Начиная отсюда и дальше можно пролистывать ближайшие посты.
Просто я как и обещал, несу сюда свои тексты с двух ФБ, прошлогодней и этой.
Название: О том, почему Торис так неравнодушен к Наталье.
Автор: здесь
Размер: мини, 1288 слов без примечания
Пейринг/Персонажи: Беларусь, Литва, упоминается Россия
Категория: джен
Жанр: мистика, повседневность, чуть-чуть трагикомедии в конце.
Рейтинг: PG-13
Краткое содержание: действие происходит в 1919 году в Восточной Европе, когда там тот ещё красный бардак творился. Республики стремительно становились Советскими Социалистическими, объединялись, разъединялись... А Иванов день и тогда никуда не делся. И девичьи мечты тоже остались.
читать дальшеГде-то недалеко гулко ухает сова, а в голове так же гулко стучат барабаны – это бешеный стук сердца отдаётся в висках.
Наталья судорожно сжимает в руках стебелёк и бежит, босая, не чувствуя, как ветки колют ступни, как коряги и корни деревьев бьют по пальцам ног, когда она спотыкается. Наталья прижимает к груди кровавый, ярко-алый цветок, который, может быть, никто никогда и не видел кроме неё.
Волосы разметались и запутались, на лбу выступила испарина. Сучья и острые ветки кустов изорвали подол простого льняного платья в клочья, и он перестал быть белым, но Наталье всё равно. Она уже почти не разбирает дороги, но продолжает бежать. Нужно успеть, непременно нужно успеть. Никогда больше она не сможет найти цветок папоротника, она уверена в этом – такой шанс только один раз в жизни выпадает, какой бы длинной она ни была. Поэтому нужно успеть всё сделать сегодня, до рассвета. Сегодня, на Купалье.
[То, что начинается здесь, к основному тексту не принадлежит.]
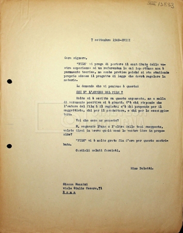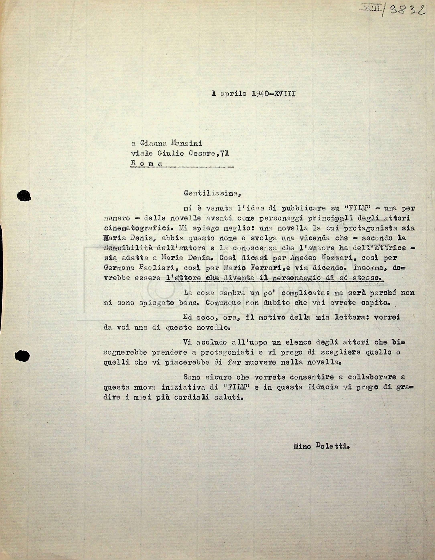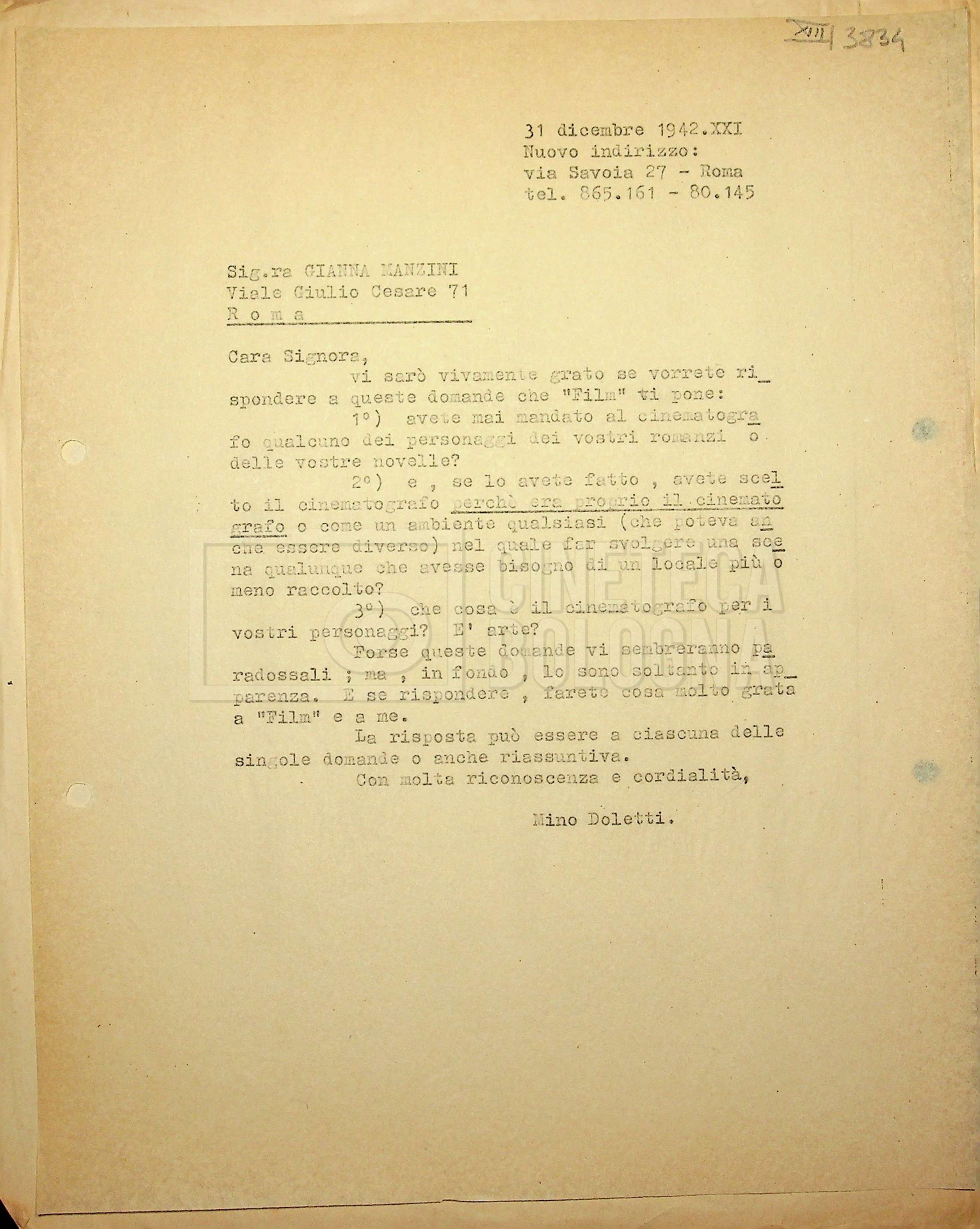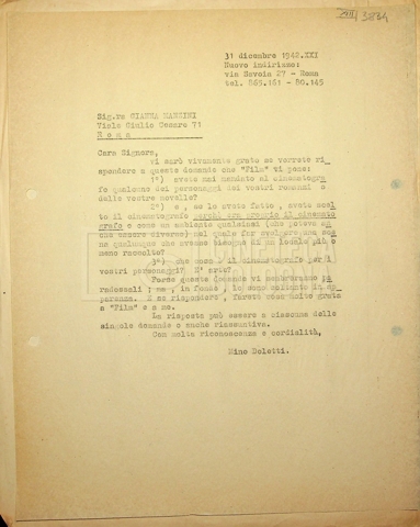 Torna alla banca dati Tra Mino Doletti e Gianna Manzini Unità archivistica Archivio Mino Doletti / Dagli esordi alla caduta del fascismo / Corrispondenza generica Informazioni archivistiche Cronologia: 01 aprile 1940 – 31 dicembre 1942 Numero di ordinamento definitivo: 659 Numero di ordinamento provvisorio: 01.663 Descrizione fisica: Fascicolo cc. 3 Immagini digitalizzate Unità archivistiche correlate Vai alla banca dati SCHEDA ARCHIVISTICA Da Dante Dini a Mino Doletti SCHEDA ARCHIVISTICA Correzioni di Mino Doletti alla recensione di Bontempelli SCHEDA ARCHIVISTICA Da [Paolo] [Paola] Borboni a Mino Doletti SCHEDA ARCHIVISTICA Da [Nenni Cortolini] a Mino Doletti SCHEDA ARCHIVISTICA Da Mario Calandri a Mino Doletti SCHEDA ARCHIVISTICA Da Ernesto Cellini a Mino Doletti SCHEDA ARCHIVISTICA Da Ferruccio Cerio a Mino Doletti e Paola Ojetti SCHEDA ARCHIVISTICA Da Ennio Cerlesi a Mino Doletti SCHEDA ARCHIVISTICA Da Marco Cesarini a Mino Doletti SCHEDA ARCHIVISTICA Bozza del testo “Cinematografo nemico – Un baby e cento bimbi” da Danilo Chili SCHEDA ARCHIVISTICA Biglietto da visita di Giorgio Chili con appunti manoscritti SCHEDA ARCHIVISTICA Da Ugo De Amicis al presidente della società ‘Nazionalcine’ SCHEDA ARCHIVISTICA “Promemoria per il dottor Doletti, direttore del giornale settimanale ‘Film’” SCHEDA ARCHIVISTICA A Mino Doletti SCHEDA ARCHIVISTICA Da “Panorama” alla redazione di “Film” SCHEDA ARCHIVISTICA Tra Mino Doletti e Tranquillo Fabbri

Беларусь выбегает на поляну, к маленькому деревянному дому. Сейчас в нём никого нет, тёмные окна зияют черными провалами, и Арловской кажется, что густая ночная тьма, которую почти можно потрогать руками, вытекает из них и струится по поляне, окутывает, поглощает каждую травинку, её босые ноги, весь лес.
Наталья бережно кладёт цветок на лавчонку у входа в дом. Она бы и вовсе не выпускала его из рук, но нужно вытащить из погреба огромный чугунный чан, чёрный, жирный. Этому чану уже несколько сотен лет, и его никогда не мыли – нельзя, иначе вся чудесная сила из него уйдёт. Поэтому чан внутри меньше, чем должен быть – по его стенкам струится причудливая вязь, толстая, рельефная. Она за столетия наросла сама. Каждое сваренное в чане зелье оставляло свой след, отдавала самую каплю силы, но её хватало, и вязь всё разрасталась, жадно впитывая чары. Иногда Беларусь думала, что эта вязь живая. Живая, опасная, прожорливая. Сунь руку в чан – и останешься без неё.
Беларусь выволакивает чан на середину поляны. Ручки его неровные, такие же грязные, как всё остальное, и Наталья чувствует, как сдираются в кровь ладони.
Наконец она выплёскивает в чан чуть тёплую речную воду из кувшина и замирает. Она стоит какое-то время неподвижно, снова прижимает к груди цветок. Теперь она знает, что темнота не из окон струится, а из чана. Выползает из него, цепляясь длинными пальцами за края, за изодранное платье Арловской, за её волосы, и оседает на плечах, будто коромысло.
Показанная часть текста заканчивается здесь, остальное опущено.